Tuesday 4th September : Out with Steven to start the Fry Index electric-fishing of the Ettrick and Yarrow. This is something we have been doing since 1997, with the aim of seeing if there is any relationship between the numbers of adults counted upstream the previous autumn at the Selkirk fish counter and the abundance of Fry the following September. If there is a relationship i.e. more adults meaning more Fry then it would show that the numbers of spawners was limiting the number of Fry. If no relationship, then other factors would be the limiting ones and not the numbers of adult fish escaping to spawn. Building up the data to show this takes a good number of years, and has not been helped by fish counter breakdowns but we are getting there and certainly, so far, the the numbers of adults does not appear to be a limiting factor on abundance of Fry in the Ettrick as a whole. Unfortunately, equipment problems strike again and just as we start the last site of the day, the electric-fishing backpack refuses to work. A frantic flurry of mobile phone-calls finds a machine we can borrow at the Freshwater Fisheries Lab at Pitlochry, so arrange to pick it up tomorrow morning.

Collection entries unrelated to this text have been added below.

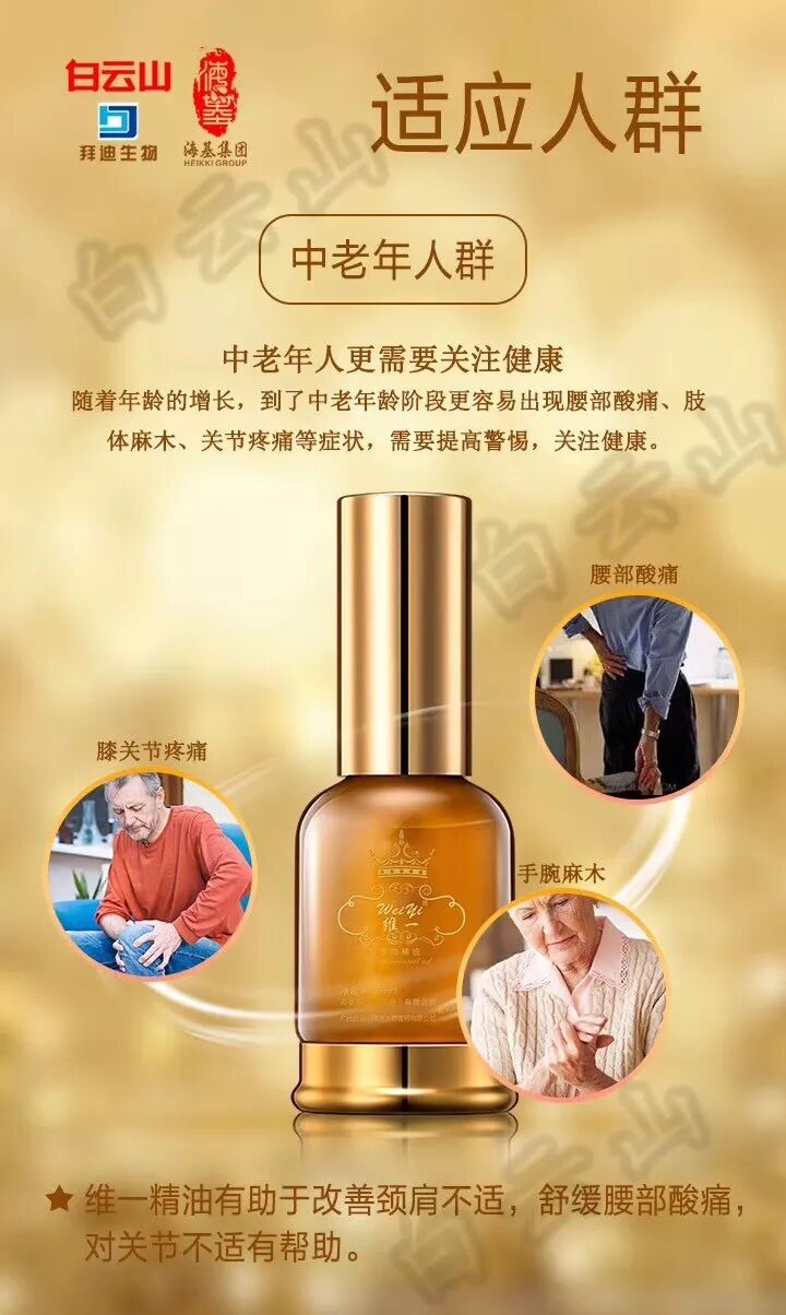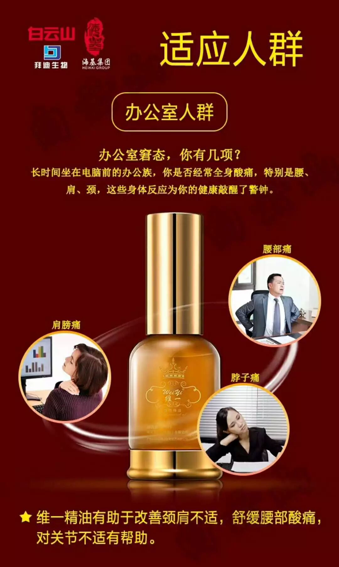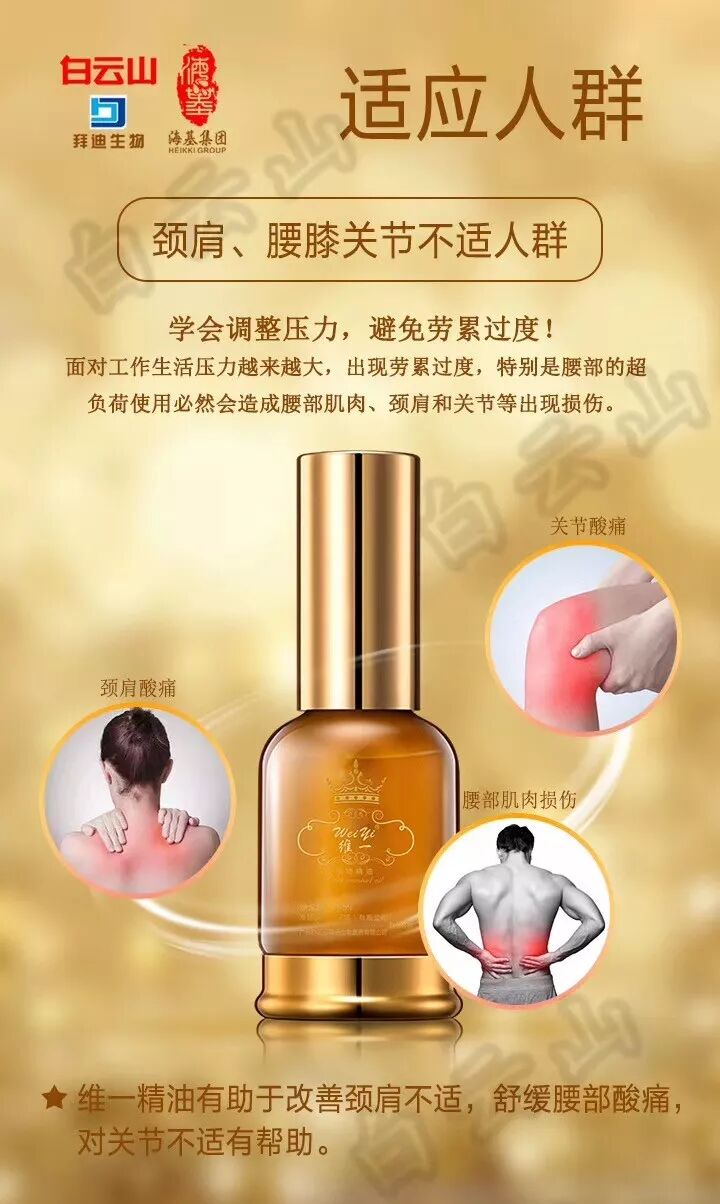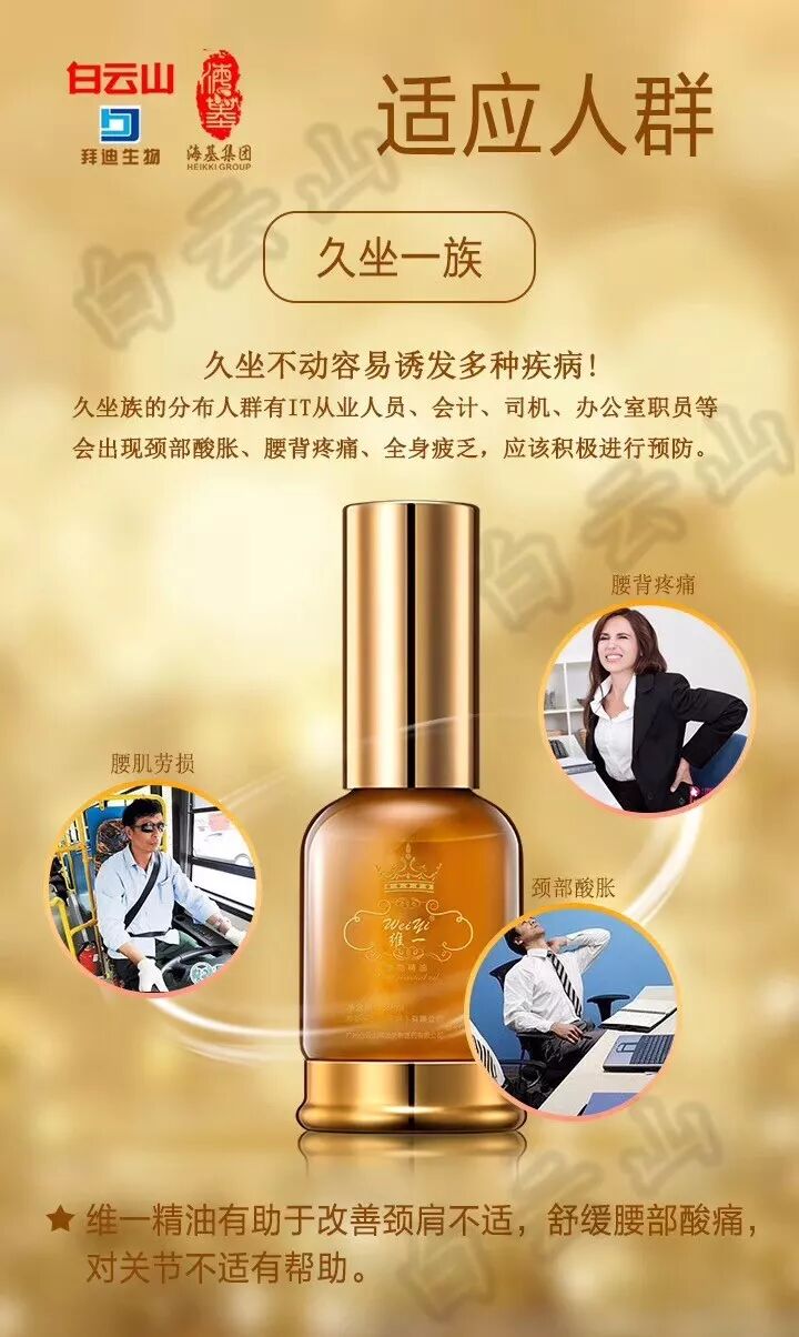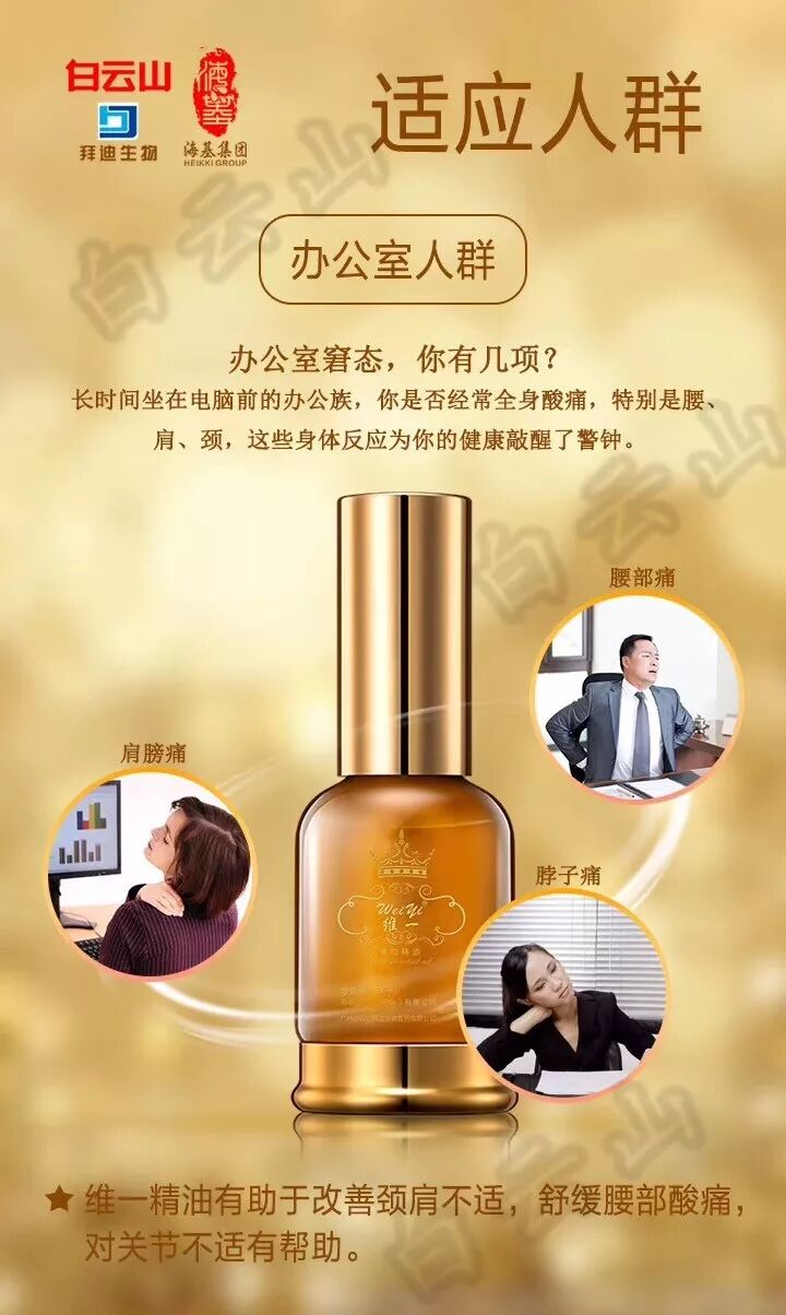 白云山维一植物精油是广药白云山和海基集团联合推出一款针对低头一族、久坐一族、办公室人群、中老年人群、重体力劳动者、亚健康人群等各类颈、肩、腰、腿、疼痛的产品!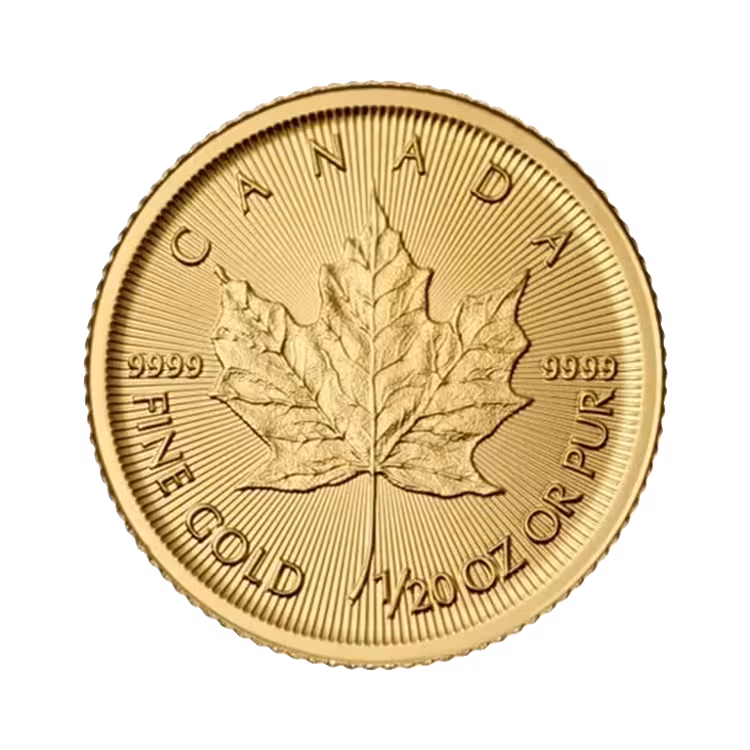 The 1/20 troy ounce gold Maple Leaf coins are minted from 99.99% pure gold, making them one of the coins with the highest possible gold content. Weighing 1.555 grams, this coin offers a compact yet valuable option for investors in physical gold.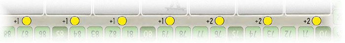 The cards from the fifth to the eighth space increase in cost by one coin each, and the cards from the ninth to the eleventh space increase in cost by two coins each, as shown below the respective space on the game board.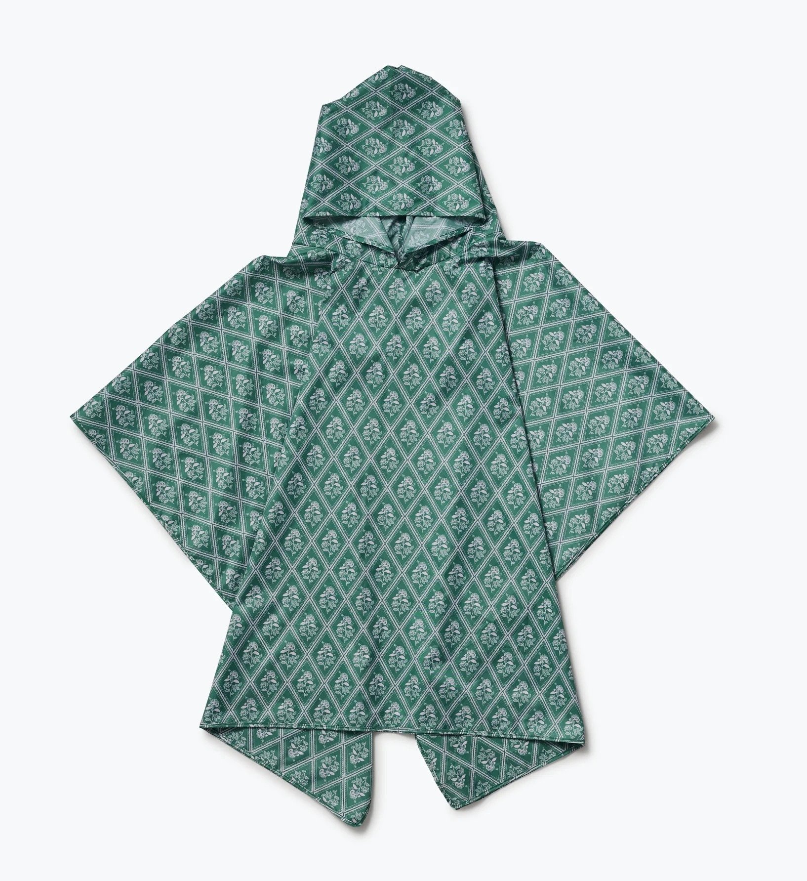 Getting caught in the rain has never looked better with this beautiful Rose Studya rain poncho. Made from recycled material, it easily packs into an attached pouch for storage. One size fits most. Wipe clean. Do not bleach, iron, or tumble dry.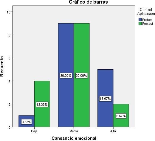 Durante el pretest se encontró que el (30,00%) se encontraban en el nivel medio de cansancio emocional. Posterior a la intervención se mantuvo con el mismo porcentaje, lo que indica que no hubo disminución. Mientras que en el nivel alto se presentó una disminución de (16,67%) a un (6,67%) y en el nivel bajo hubo un incremento del (3.33%) al (13,33%).
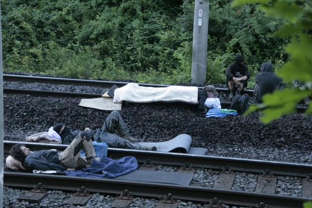 Op een van de actie dagen, rond 10 uur in de ochtend, maakten ik en een andere persoon ons vast aan de rails. Ieder aan 1 kant. Waardoor er geen trein meer door kon. Binnen een uur was de politie aanwezig. Ze begonnen meteen aan mijn armen te trekken en pijnprikkels te geven om te kijken of ik wel echt vast zat. Ze negeerde mijn protesten omdat ze in het Engels waren, pas toen de andere in het Duits zei dat we inderdaad vast gelockt waren lieten ze me met rust.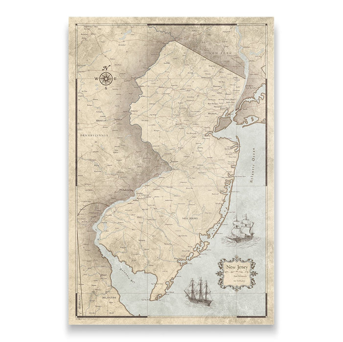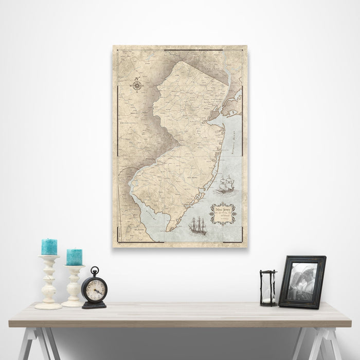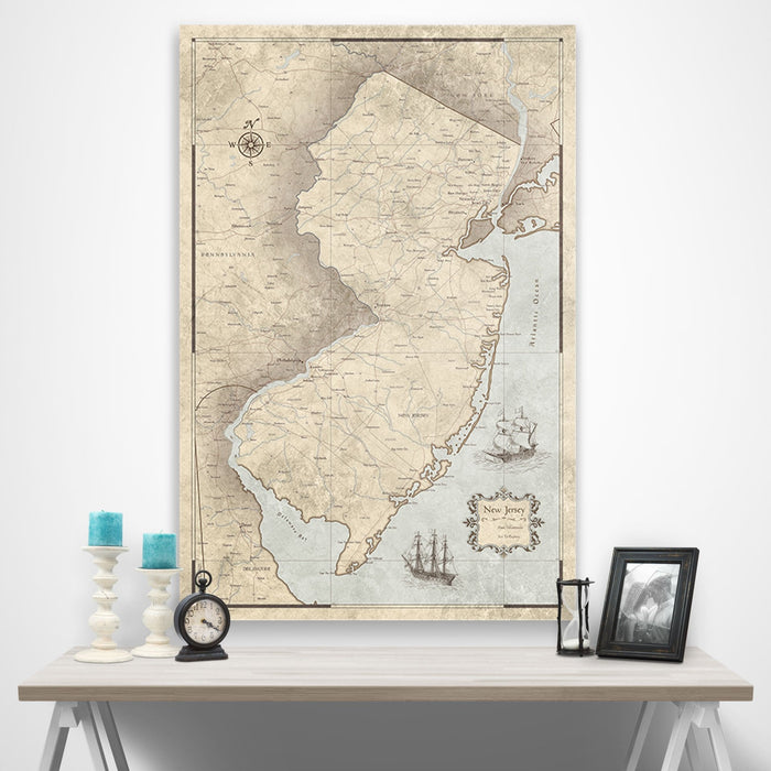 Push Pin New Jersey Map (Pin Board) - Rustic Vintage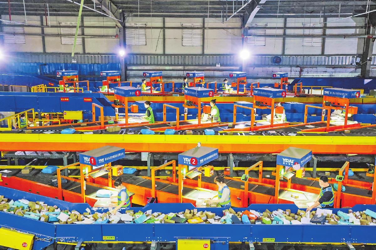 郵件分撥中心夜間作業(yè)忙碌而有序
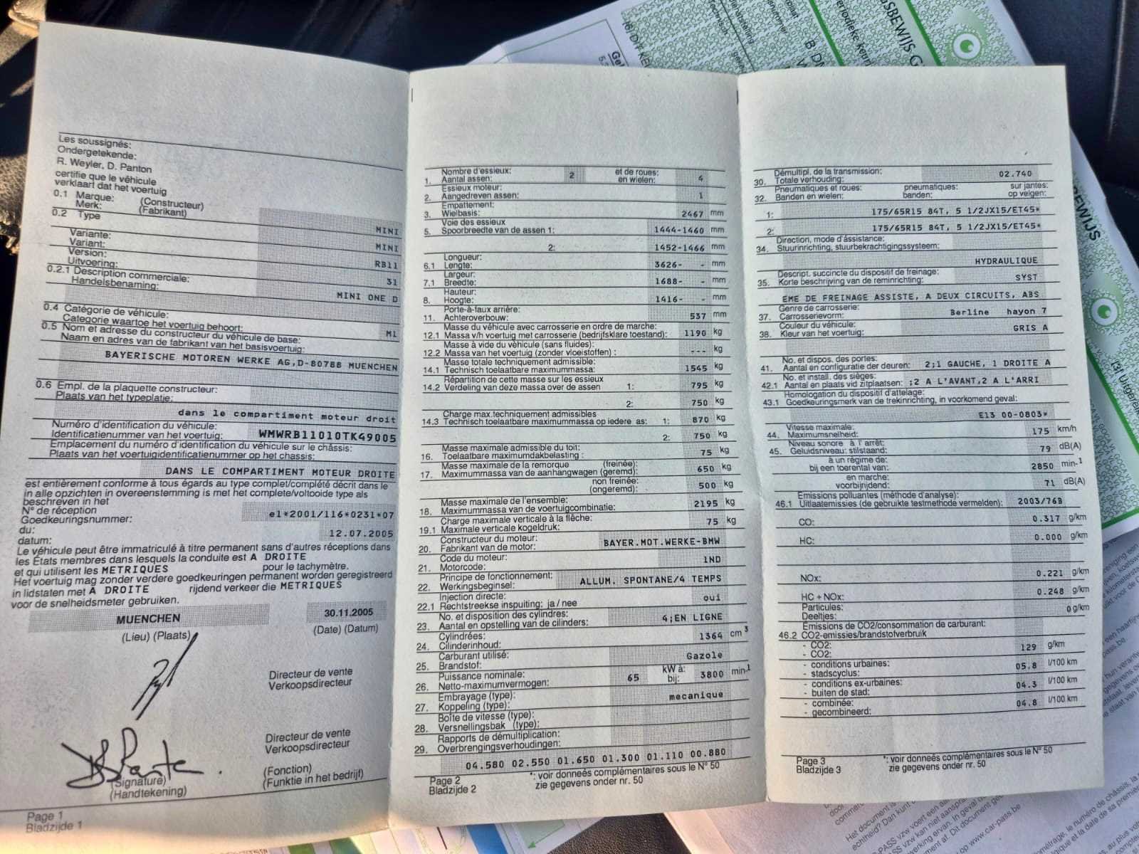Opgelet, deze auto zal niet worden gekeurd voor verkoop (van toepassing op Belgische particuliere kopers). Nee Merk: Mini Model: One D Bouwjaar: 2005 Afgelezen kilometerstand: 182506km Cilinderinhoud: 1364cc Vermogen (kW): 65kW Brandstof: diesel Chassisnummer: WMWRB11010TK49005 Aantal zitplaatsen: 5 Emissieklasse: Euro 4 Nationaliteit documenten: Belgisch Gelijkvormigheidsattest aanwezig: true Keuringsrapport geldig tot: 08/2025 Zichtbare schade: Zie foto’s. Vavato voert geen technische keuring uit.: true Inschrijvingsbewijs - deel 1 : Aanwezig Inschrijvingsbewijs - deel 2: Aanwezig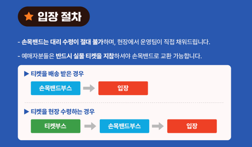 - 손목밴드 수령 후, 게이트 오픈하여 선착순 입장 가능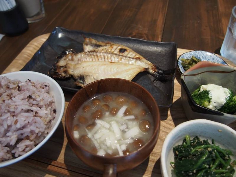 主役の焼き魚はもちろん、五穀ご飯もなめこ汁も小鉢も、すべてが体に優しいランチ。
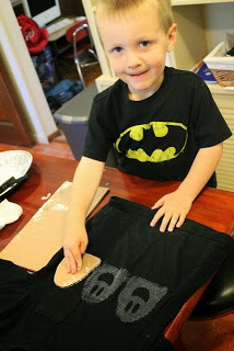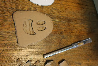 Next, I used an x-acto knife to remove a layer of the cardboard from where I didn't want white paint to show up on my t-shirt. In this case I wanted the eyes and the mouth to be black, not white.

Wednesdy 5th September : Having gone up to Pitlochry the night before, at 09.00 call in at the Fisheries Lab to collect the machine they can loan us, which is incredibly helpful of them. Call in at Bells, the electricians in Pitlochry who service electric-fishing machines and collect the one they can't do anything with, which will have to go back to the makers, now in Ireland and leave the latest one to go wrong to see if they can deal with it. Back down the motorway to find the new link between the Forth Rd Bridge and the Stirling motorway has just been opened, with appropriate delays and speed limits. Get back to the office at 12.00, a quick turn-around then out with the volunteer for the day and get  a series of electric-fishing sites done on the Yarrow, with the borrowed back-pack. Good numbers of fish, till the last two sites. Back at the office, Kenny takes the machine and heads off to do some trout burn survey work with the Jedforest Club. Turns up at my house later to say that machine not now working properly ! Wonder about the low numbers at the last two sites earlier in the day - machine may have been going wrong then.

Thursday 6th September : James has to go out to do timed sites for a windfarm application with the generator electric-fishing gear, there now being only one back-pack, but he has an Argocat waiting for him, so shouldn't be too much of a problem. Out on the Yarrow again with another volunteer and get another set of sites done.